SPECIAL REPORT: Price is the single most powerful predictor of future returns - and passive funds offer investors exposure to global assets on the cheap

Emma Wall 3 October, 2016 | 9:23AM

When Jack Bogle, founder of Vanguard Asset Management launched the first passive fund in 1975 he was called “un-American”. The financial industry was so against his plan to revolutionise the way that we invest, a campaign was mounted insinuating Bogle was unpatriotic and a fool.
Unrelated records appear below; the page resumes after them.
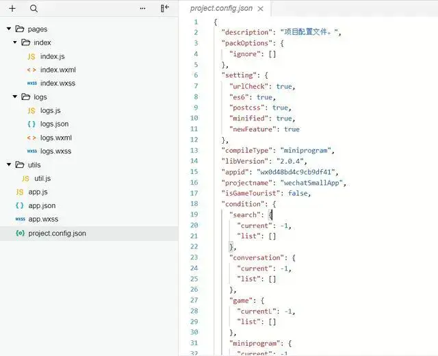 本文以小程序的視圖設計為主,就是下圖所示 pages/index 目錄裏的 index.wxml 文件。
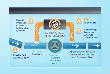 These systems work on rudimentary hydropower principles — an impeller’s blades rotate as water flows through a turbine at pressure. This mechanical energy is turned into electrical energy by a generator-like component, with the resulting power used either for local utility functions or returned to the grid.
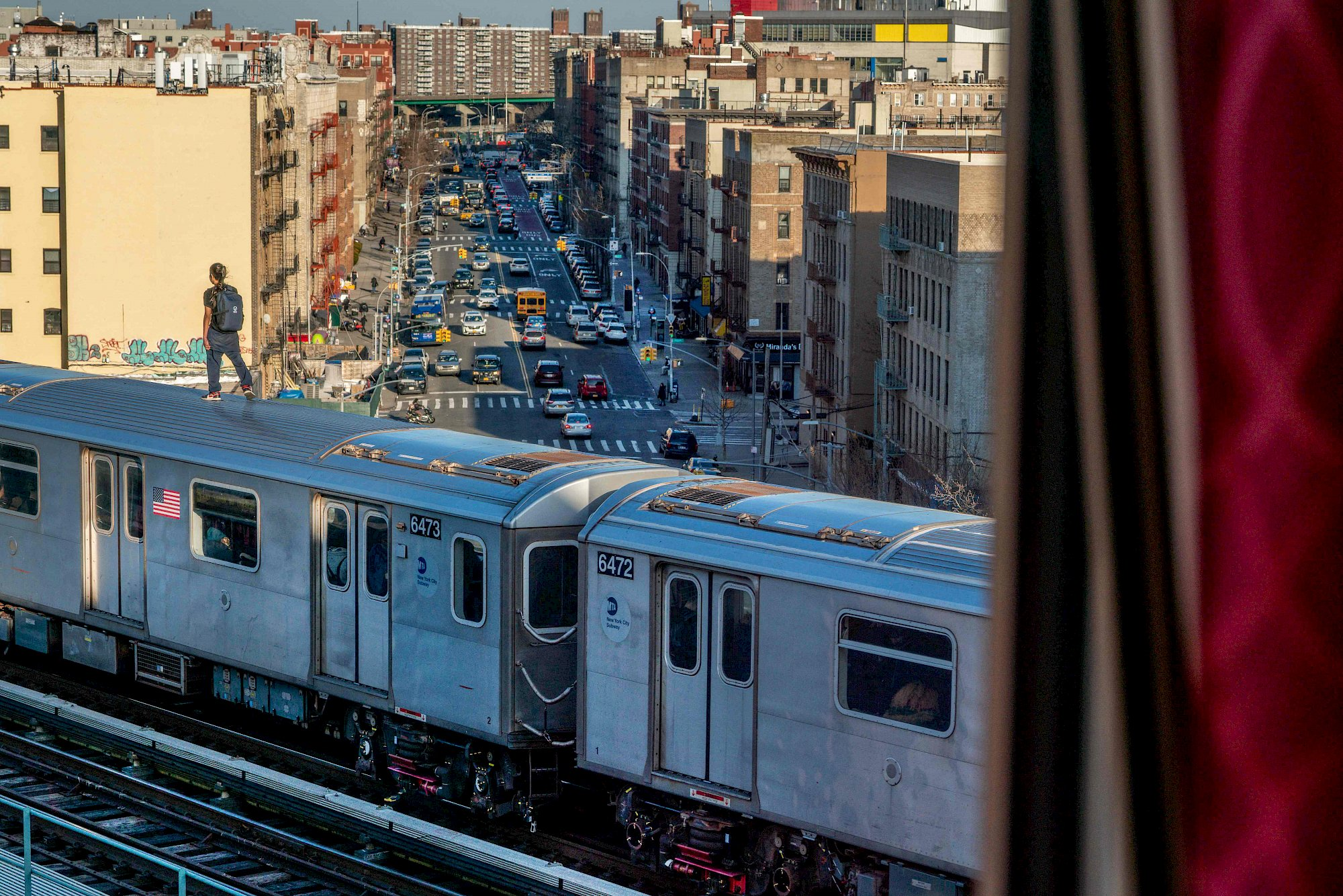 Het zijn bijna altijd jonge mannen, maar dit lijkt wel een vrouw, aan de kaaklijn te zien en het lange haar. Ze staat op een wagon van lijn 5, meldt het bijschrift, maar waar? Op een hoek, aan de rechterkant van de straat, staat met witte letters op een zwart pand: Miranda’s. Erachter is nog net het begin te zien van een D. Het blijkt Miranda’s Dry Cleaners te zijn, een stomerij in E 163rd Street. Vlakbij ligt station Intervale Avenue. De metro is daarvoor aan het remmen. Daarna rijdt-ie nog kilometerslang boven de grond. Tegen de ingang van een tunnel zal ze voorlopig haar hoofd niet stoten.
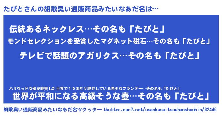 | 欧米人風あだ名 | 『アンジェラ・たびと』『ウサインたびと』 |
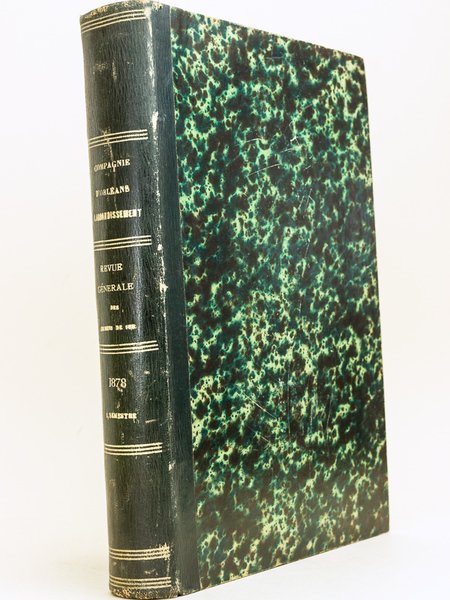 1 vol. in-4 reliure demi-basane verte, Revue Générale des Chemins de Fer, Juillet - Décembre 1878, 445 pp. avec 31 planches hors texte (le plus souvent sur double page, souvent dépliantes). Au sommaire notamment : Note sur quelques nouveaux appareils destinés à l'armement de secours ; Note sur le transport des petits paquets d'un poids égal et inférieur à 5 Kg ; Recherches sur la puissance de vaporisation des locomotives en relation avec le tirage ; Note du la nouvelle gare de Bologne (Italie) ; Note sur l'utilisation des déchets de boites à fulée des locomotives ; Note sur le système de décalque au papier sensible ; Note sur le règlements des signaux en vigueur sur les chemins de fer allemands ; Notes sur les essais du frein à vide système Smith ; Considérations théoriques sur l'arrêt d'une train au moyen d'un système de freins continus ; Note sur le pousse-wagon ; La voie ferrée à l'Exposition universelle de 1878 : Traverses mixtes et traverses métalliques ; De l'influence du profil de la voie sur les dépenses d'exploitation ; Note sur le frein automoteur à friction ; Note sur le wagon d'expériences du chemin de fer de l'Est ; Note sur les essais d'éclairage électrique faits à la Gare de La Chapelle ; Résumé d'une étude technique sur le chemin de fer de Festiniog ; Poids d'un vérin à manivelle ;Locomotives_tender à deux et à trois essieux accouplés de l'Exposition Universelle de 1878 ; Serrage des frein par l'air comprimé, système Westinghouse automatique. Très rare exemplaire de l'édition originale du premier tome de la célèbre "Revue Générale des Chemins de fer". Bon exemplaire bien complet des 31 planches hors texte (fente partielle en pliure en dernière planche, reliure lég. frottée)
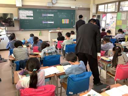 今日の算数の学習では、問題を読んで式を立てる学習をしました。問題文を読んだときには、たし算になるのか、ひき算なるのか意見が分かれました。テープ図を使って問題場面を表して、友達と自分の考えを話し合いました。テープ図を使うと分かりやすくなると感じた様子でした。
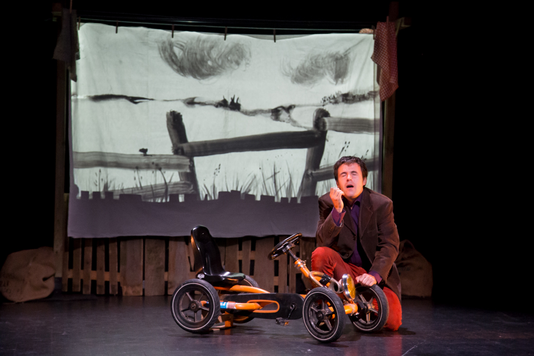 Un road movie en kart à pédales ? Ou si vous préférez : un spectacle illustré en direct, une pièce de théâtre, un conte musical… joué par La Famille PetitPlus. L'histoire : toute la journée, Ujène tourne en rond sur sa charrette à pédales. Il tourne en rond autour de sa maman qui le protège et qui sent si bon. Il est bien ici, mais dans le rêve qu'il fait souvent il pédale de l'autre côté de la barrière et il s'en va jusqu'au Grand Talus et ça c'est défendu ! Parce que les gens sont comme-ci, les maisons comme ça et qu'les pommes là-bas, y en a pas …
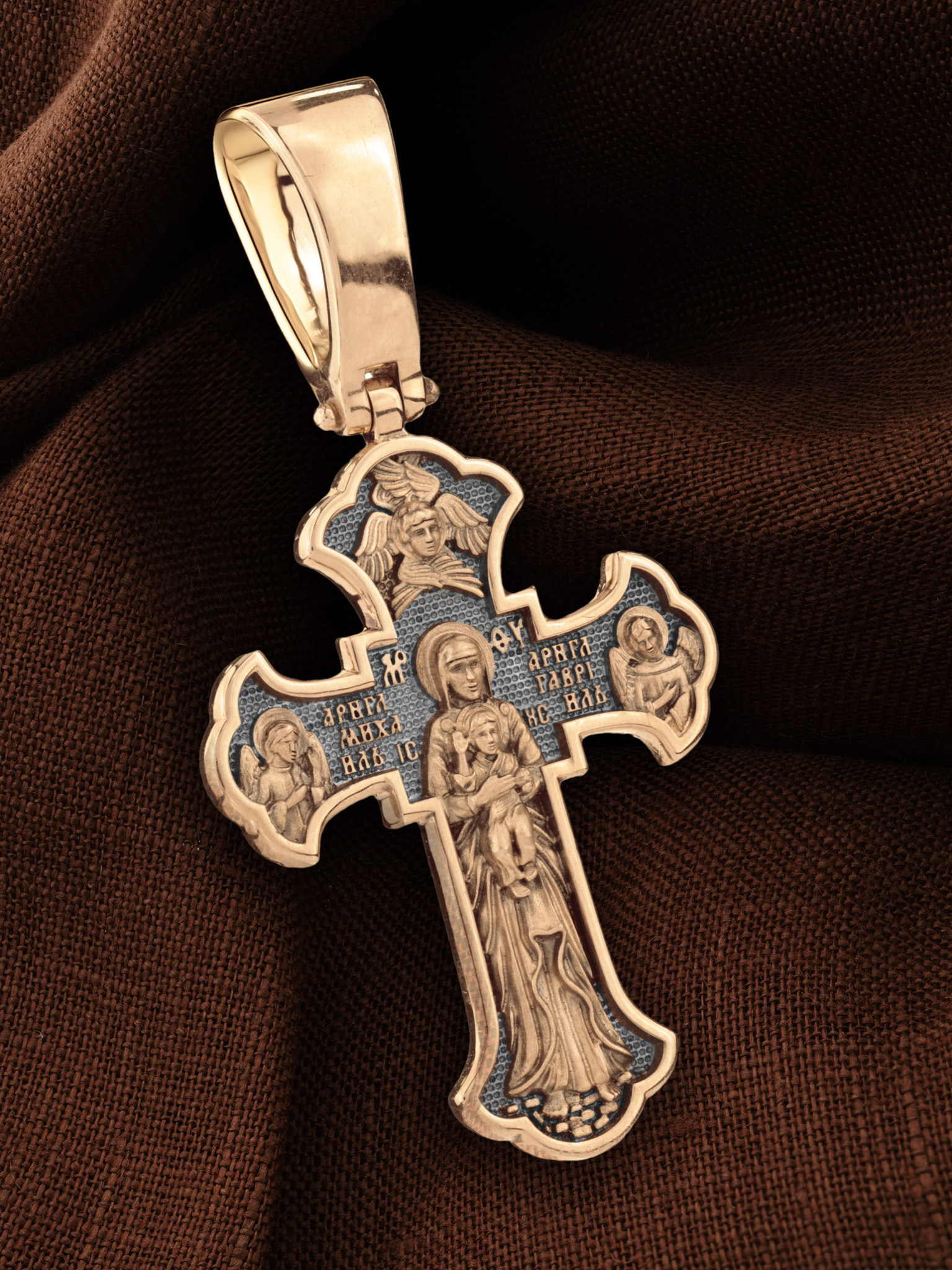 На обратной стороне креста в полный рост изображена Валаамская икона Божией Матери, над которой раскрыл свои крылья серафим. Этот образ написал в 1878 году иеромонах Валаамского монастыря о. Алипий. Валаамскую икону прославили многие чудеса, ее считают целительницей при разных недугах. Перед этим образом Богородицу молят в первую очередь об укреплении веры, просят даровать смирение, твердость в соблюдении заповедей Христовых и об исцелении. Богородице предстоят два архангела, Михаил и Гавриил.

Fast forward three decades and new money invested in passive funds is growing at much faster pace than actively managed funds. In the US last month, investors pulled $18 billion out of active funds, but invested $49 billion into passive funds. The story is similar this side of the pond, the fastest growing part of the market is passively managed funds – and in particular those which are “smart”, or “strategic” and offer investors access to a certain slice of the market.

With new money comes new fund launches, and more choice for investors – who now have to determine not only where they wish to invest; China stocks, commercial property, UK government bonds, but how they want to invest too. In the UK investors have access to more than 3,500 open-end funds, 300 investment trusts and more than 2,000 exchange traded funds. Offering access to the most remote of stock markets, commodities and bonds from as little as £50 a month.

Not all of these strategies are worth investing in – only a fraction are deemed worthy of a Gold, Silver or Bronze rating by Morningstar fund analysts, based on their past performance, cost to investors, and investing process.

Of the five measures Morningstar fund analysts use to determine whether a fund is best-in-class, price is the single most powerful predictor of future returns – and passive funds offer investors exposure to global assets on the cheap.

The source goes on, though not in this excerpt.